Obtaining and Closing a Persistence Manager


Chapter 6 describes how to get a PersistenceManager object from the factory methods in the PersistenceManagerFactory interface and the javax.resource.cci.ConnectionFactory interface. When the factory method returns a persistence manager, the persistence manager is open for business. It remains open until it is closed.

Closing a Persistence Manager

The PersistenceManager interface provides one method to close the persistence manager.

 public void close() 

Depending on the design of the application and the environment in which it is deployed, a persistence manager may be a short-lived or long-lived object. After the application has finished using the persistence manager, it should recycle the resources consumed by the persistence manager by calling the close method. When the application closes the persistence manager, it should no longer use the persistence manager or any of the persistent objects that it managed.

Sometimes the application code that uses JDO executes inside an Enterprise JavaBean (EJB) that uses container-managed transactions.
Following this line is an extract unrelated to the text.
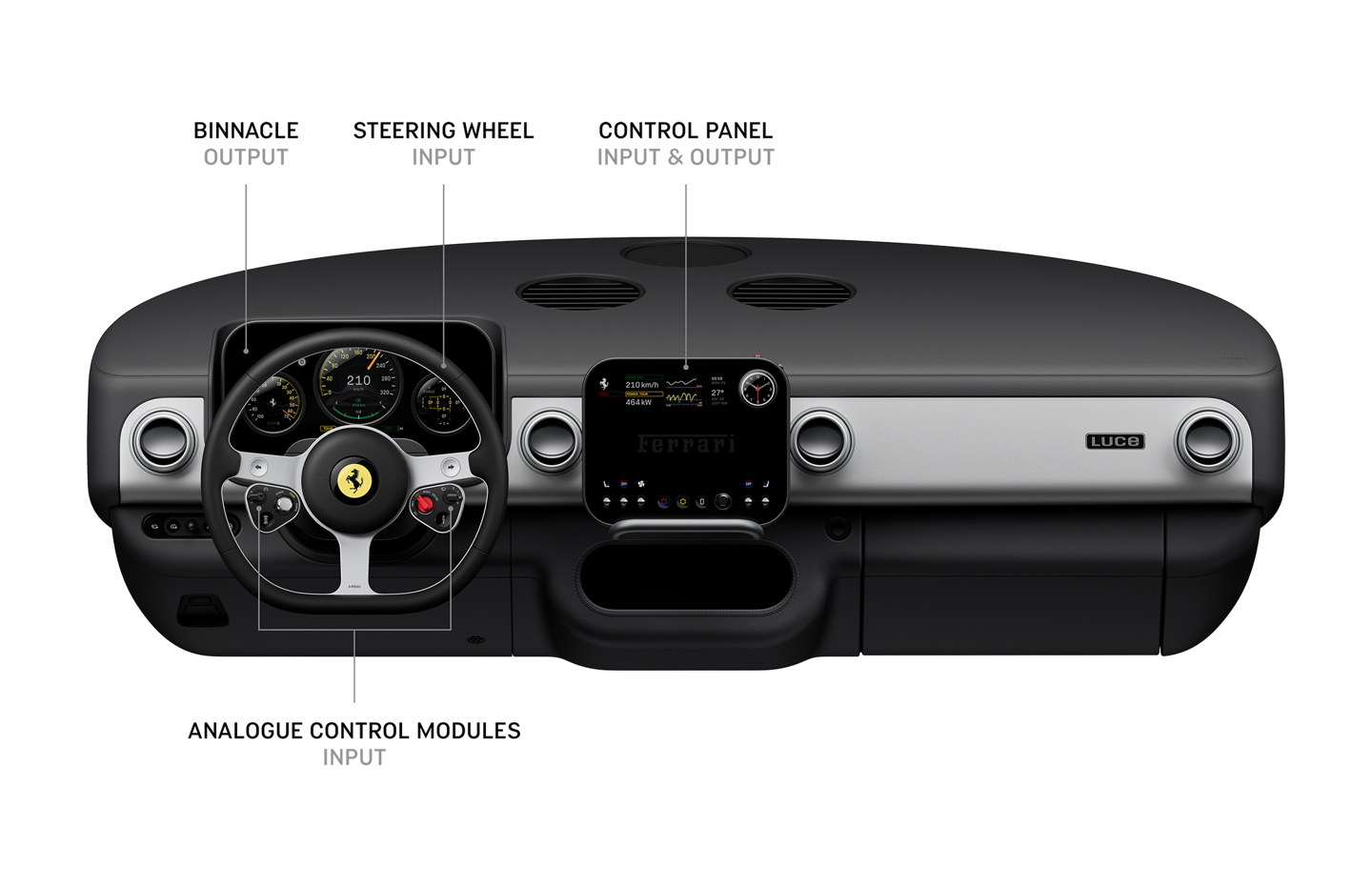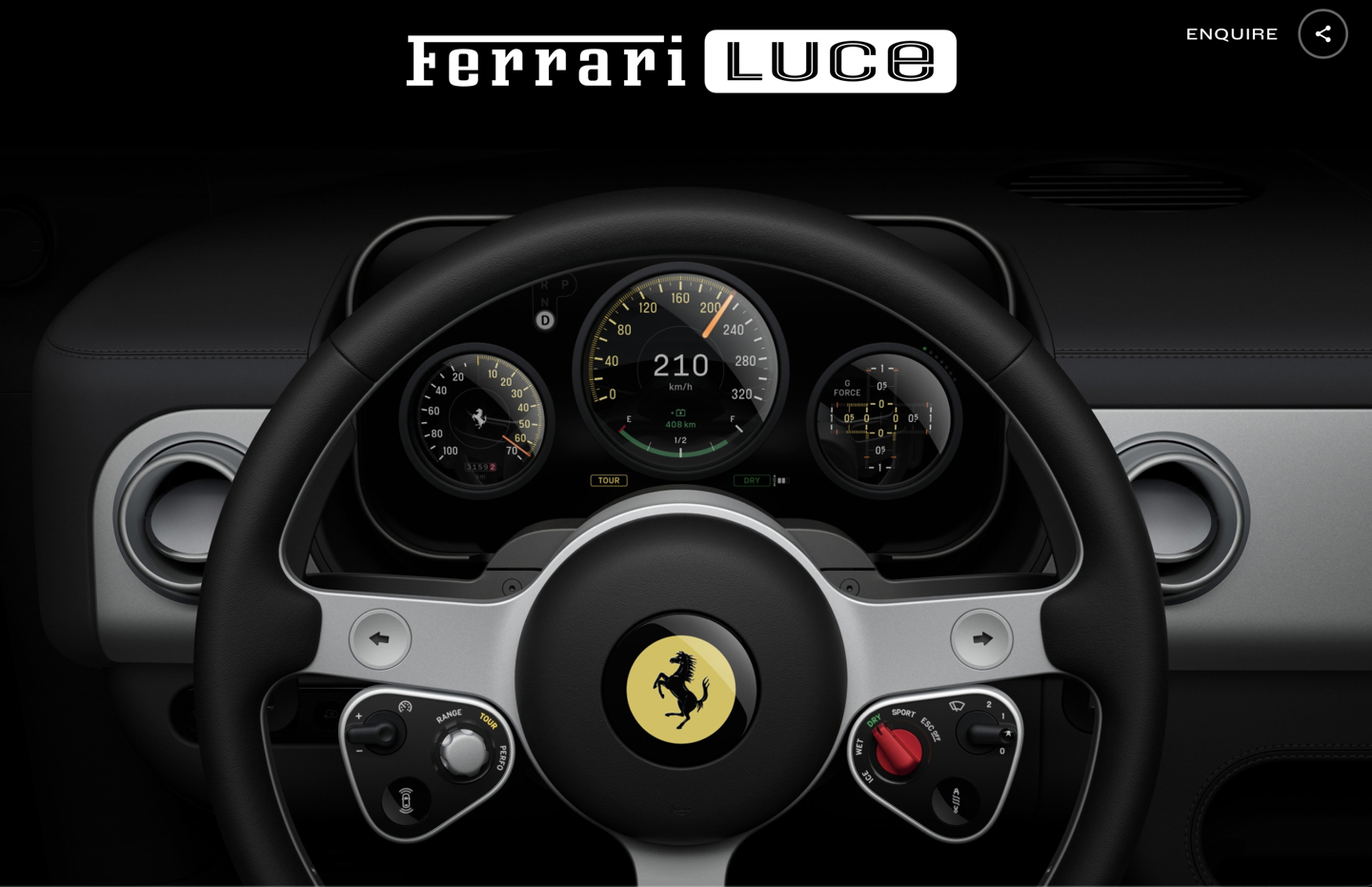 【法拉利首款电动跑车定名 Luce:行业首发 E-Ink 墨水屏钥匙,“iPhone 之父”乔纳森 · 伊夫操刀】法拉利首款电动跑车Luce正式公布,由前苹果首席设计官乔纳森·伊夫及其团队操刀。内饰设计简洁统一,行业首发彩色E-Ink钥匙,插入中控台后屏幕颜色会变化。

In this case, making multiple calls within the same client invocation of the bean to get a persistence manager from a factory method yields multiple references to the same persistence manager. In this environment, the persistence manager is not actually closed until the container completes the open transaction. The application code should be written, however, with the last step of each business method calling the persistence manager's close method. Chapter 6 describes the appropriate designs for using JDO inside various types of EJBs.
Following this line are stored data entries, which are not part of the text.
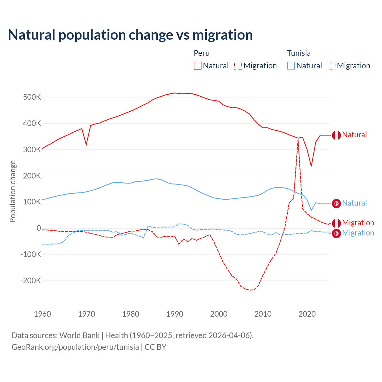 Over the last 10 years, 82% of the population change in Peru is from natural causes (a gain of 3,345,822 people) and 18% is from migration (a gain of 732,505 people). In Tunisia 86.3% is from natural causes (a gain of 1,225,079 people) and 13.7% is from migration (a loss of 195,011 people).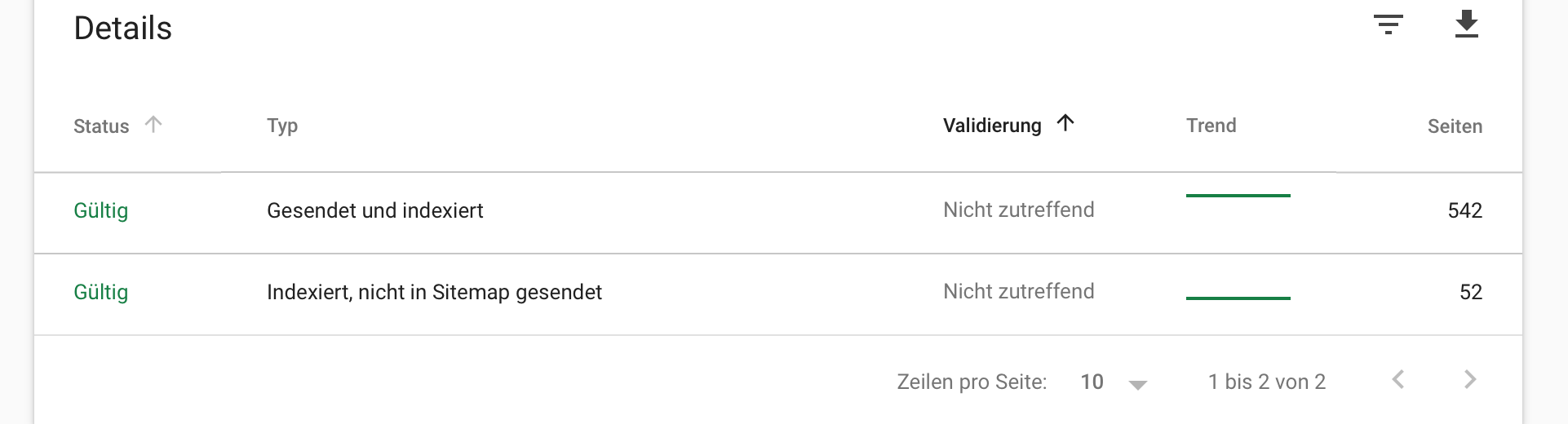 Seiten im Index, die nicht mit der Sitemap gesendet werden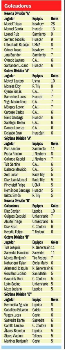 Caleta Córdova 1 (Franco Carrizo) / Laprida 6 (Joaquín González 2, Bastian Díaz 2, Ciro Arias y Fabricio Vásquez).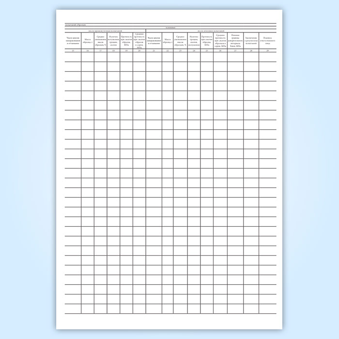 Журнал испытаний бетона на морозостойкость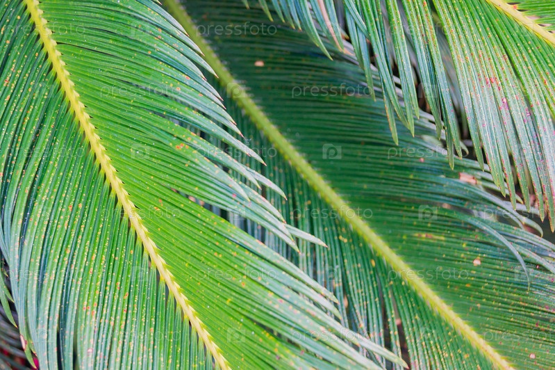 Зеленые листья кокосовой пальмы. Естественный летний фон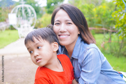 © pratan28, Fototapeta premium mother and child in park
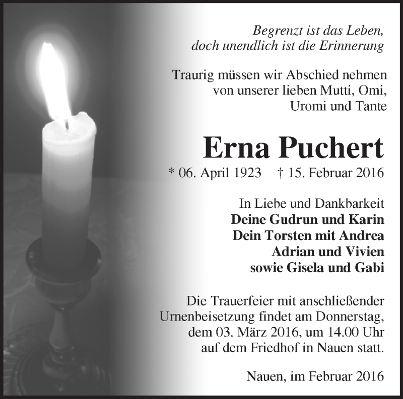 Hier finden Sie alle Traueranzeigen aus der Zeitung, die bisher für Erna Puchert erschienen sind. Weitere Traueranzeigen, die in der Zeitung erscheinen, werden hier ebenfalls aufgelistet

On the other hand, when there isn't any container managing transactions, the application code should end the transaction before closing the persistence manager. As JDO 1.0.1 makes clear, when a container is not managing transactions, the close method throws a JDOUserException if the transaction is active. Chapter 4 describes the Transaction interface.
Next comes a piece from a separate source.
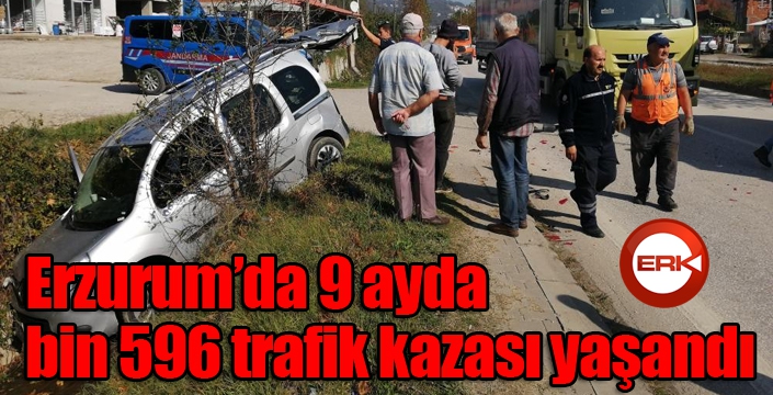 Erzurum’da bu yılın 9 ayında 16 kişi trafik kazalarında yaşamını yitirdi. İlde Ocak - Eylül ayları toplamında meydana gelen ölüm ve yaralanmalı trafik kazası sayısı Doğu Anadolu Bölgesi toplamında yüzde 12.15, ülke toplamında ise yüzde 0,64’lük oran oluşturdu.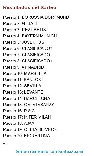 Lista de participantes: BORUSSIA DORTMUND, GETAFE, REAL BETIS, BAYERN MUNICH, JUVENTUS, CLASIFICADOº, CLASIFICADO-, CLASIFICADO+, AT.MADRID, MARSELLA, SANTOS, SEVILLA, LEVANTE, BARCELONA, GALATASARAY, P.S.G, INTER MILAN, AJAX, CELTA DE VIGO, FIORENTINA, R.MADRID, ARSENAL, DEPORTIVO, SCHALKE 04, RAYO VALLECANO, MANCHESTER CITY, ROMA, CHIEVO VERONA, CLASIFICADO^, ATH.BILBAO, AC MILAN, MANCHESTER UNITED.

It is very important that the application take care to clean up references to persistent application data objects before closing the persistence manager. JDO does not define the behavior of application data objects that are managed at the time that the persistence manager closes. They may become unmanaged application data objects. They may be recycled in an instance pool controlled by the JDO implementation. The JDO implementation may mark them so that touching them results in a JDOException. Whatever the behavior is, it is likely to cause confusion or errors for your application.

The Read-Only Closed Property

The PersistenceManager interface provides a getter method for the Closed property.

 public boolean isClosed() 

Once the persistence manager is closed, the persistence manager's Closed property is true. After the persistence manager is closed, this is its only method that does not throw a JDOFatalUserException. Likewise, the Transaction object, Query objects, Extent objects, and Iterator objects obtained from query results collections or extents cannot be used, and any attempt to do so throws a JDOFatalUserException. After closing the persistence manager, the application should avoid using any persistent or transactional objects that the closed persistence manager controlled. Any data objects that are unmanaged when the persistence manager closes are not affected by the closing.

The Read-Only PersistenceManagerFactory Property

The PersistenceManager interface provides a better method for the PersistenceManagerFactory property.

 public PersistenceManagerFactory getPersistenceManagerFactory() 

This method returns a reference to the factory that produced the persistence manager. It returns a reference to a PersistenceManagerFactory object even when the persistence manager was obtained from a ConnectionFactory.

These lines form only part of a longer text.